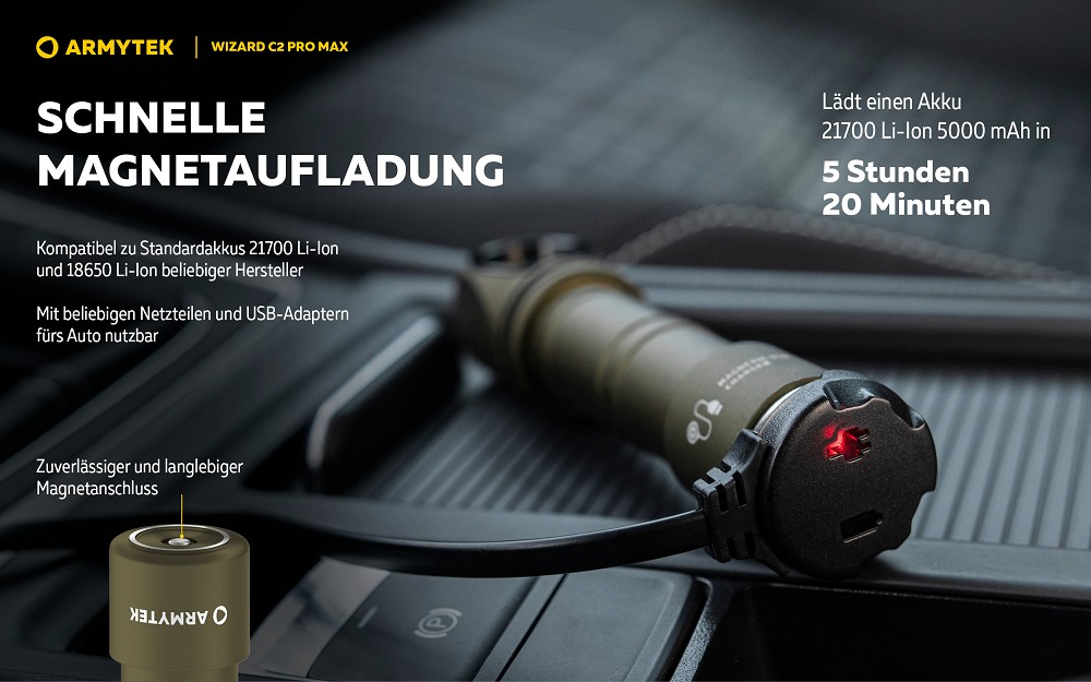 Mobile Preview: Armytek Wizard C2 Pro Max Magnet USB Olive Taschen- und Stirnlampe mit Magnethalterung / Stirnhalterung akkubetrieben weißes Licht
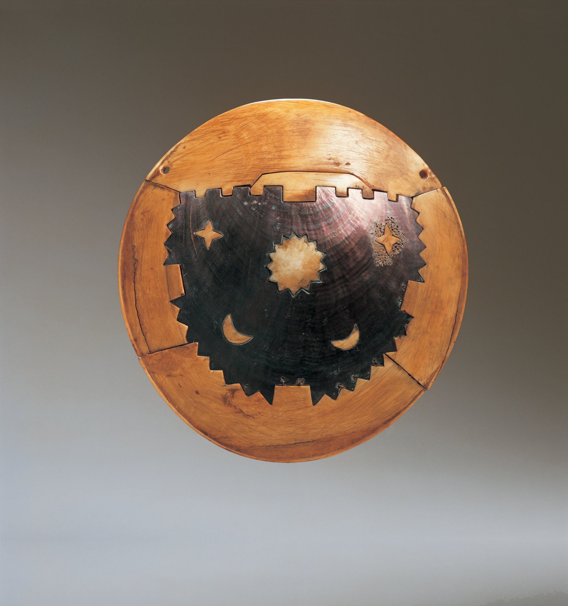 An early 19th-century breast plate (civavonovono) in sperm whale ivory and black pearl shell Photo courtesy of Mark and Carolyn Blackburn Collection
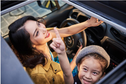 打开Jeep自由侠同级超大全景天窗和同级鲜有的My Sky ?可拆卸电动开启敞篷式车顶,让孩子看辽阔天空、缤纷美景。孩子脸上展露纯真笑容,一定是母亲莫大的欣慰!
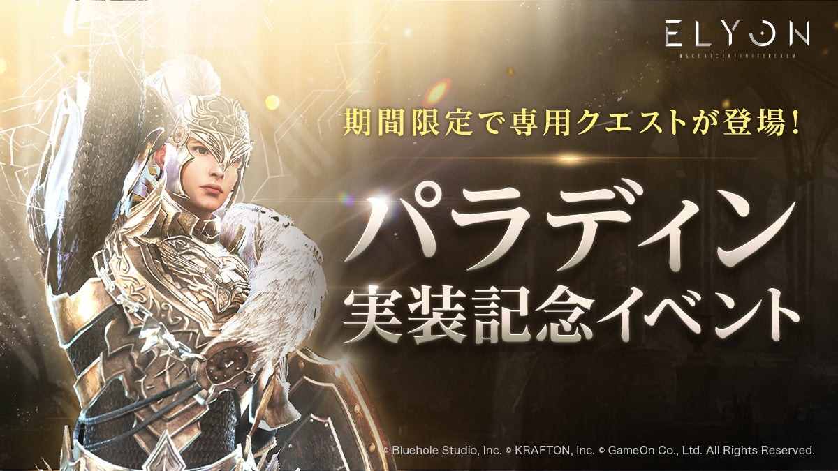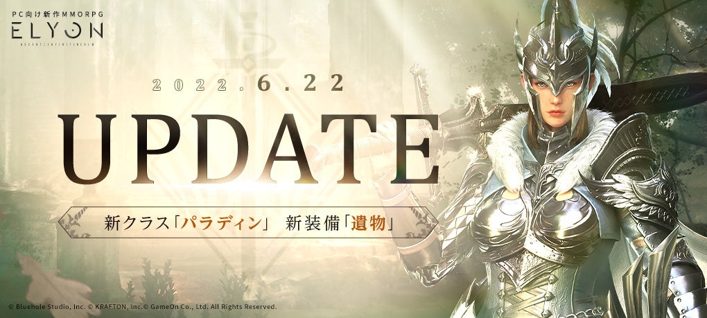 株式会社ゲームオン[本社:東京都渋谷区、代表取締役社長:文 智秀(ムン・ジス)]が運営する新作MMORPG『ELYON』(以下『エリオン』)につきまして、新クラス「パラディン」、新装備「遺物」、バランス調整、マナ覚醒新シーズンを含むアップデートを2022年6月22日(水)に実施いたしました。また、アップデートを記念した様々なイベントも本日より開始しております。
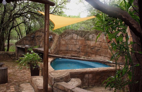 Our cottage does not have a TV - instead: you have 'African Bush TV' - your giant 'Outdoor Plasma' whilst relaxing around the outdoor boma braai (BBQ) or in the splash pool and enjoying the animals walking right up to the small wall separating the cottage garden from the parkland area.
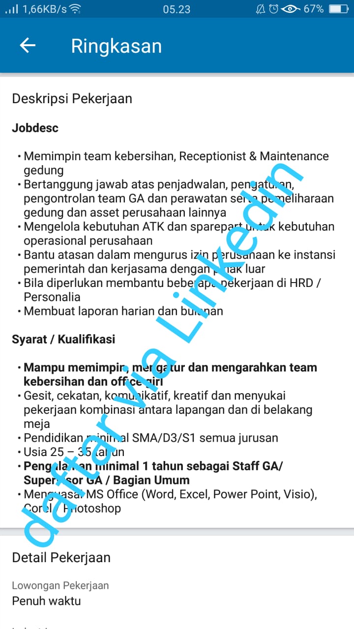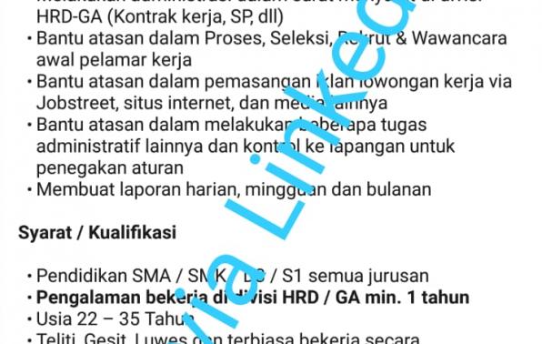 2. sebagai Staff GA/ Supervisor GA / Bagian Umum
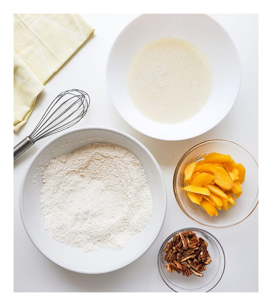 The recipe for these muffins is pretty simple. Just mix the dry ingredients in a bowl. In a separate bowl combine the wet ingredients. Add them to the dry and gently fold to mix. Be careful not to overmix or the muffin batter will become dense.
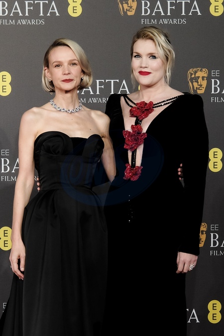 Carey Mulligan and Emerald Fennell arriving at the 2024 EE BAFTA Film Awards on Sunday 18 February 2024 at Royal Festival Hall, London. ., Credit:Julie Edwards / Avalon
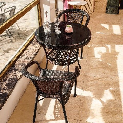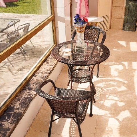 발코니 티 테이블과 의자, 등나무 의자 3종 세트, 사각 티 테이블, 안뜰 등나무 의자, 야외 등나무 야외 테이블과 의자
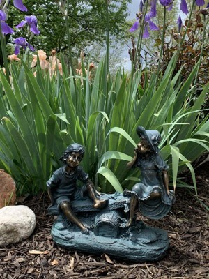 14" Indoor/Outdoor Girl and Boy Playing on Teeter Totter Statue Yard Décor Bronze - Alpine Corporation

_ _ _ _

• Exercise details: Please return only the lines from the top of the data through the line with "The recipe for", exactly as written, and drop every picture.

• Response to this exercise:
 Mobile Preview: Armytek Wizard C2 Pro Max Magnet USB Olive Taschen- und Stirnlampe mit Magnethalterung / Stirnhalterung akkubetrieben weißes Licht
 An early 19th-century breast plate (civavonovono) in sperm whale ivory and black pearl shell Photo courtesy of Mark and Carolyn Blackburn Collection
 打开Jeep自由侠同级超大全景天窗和同级鲜有的My Sky ?可拆卸电动开启敞篷式车顶,让孩子看辽阔天空、缤纷美景。孩子脸上展露纯真笑容,一定是母亲莫大的欣慰!
 株式会社ゲームオン[本社:東京都渋谷区、代表取締役社長:文 智秀(ムン・ジス)]が運営する新作MMORPG『ELYON』(以下『エリオン』)につきまして、新クラス「パラディン」、新装備「遺物」、バランス調整、マナ覚醒新シーズンを含むアップデートを2022年6月22日(水)に実施いたしました。また、アップデートを記念した様々なイベントも本日より開始しております。
 Our cottage does not have a TV - instead: you have 'African Bush TV' - your giant 'Outdoor Plasma' whilst relaxing around the outdoor boma braai (BBQ) or in the splash pool and enjoying the animals walking right up to the small wall separating the cottage garden from the parkland area.
 2. sebagai Staff GA/ Supervisor GA / Bagian Umum
 The recipe for these muffins is pretty simple. Just mix the dry ingredients in a bowl. In a separate bowl combine the wet ingredients. Add them to the dry and gently fold to mix. Be careful not to overmix or the muffin batter will become dense.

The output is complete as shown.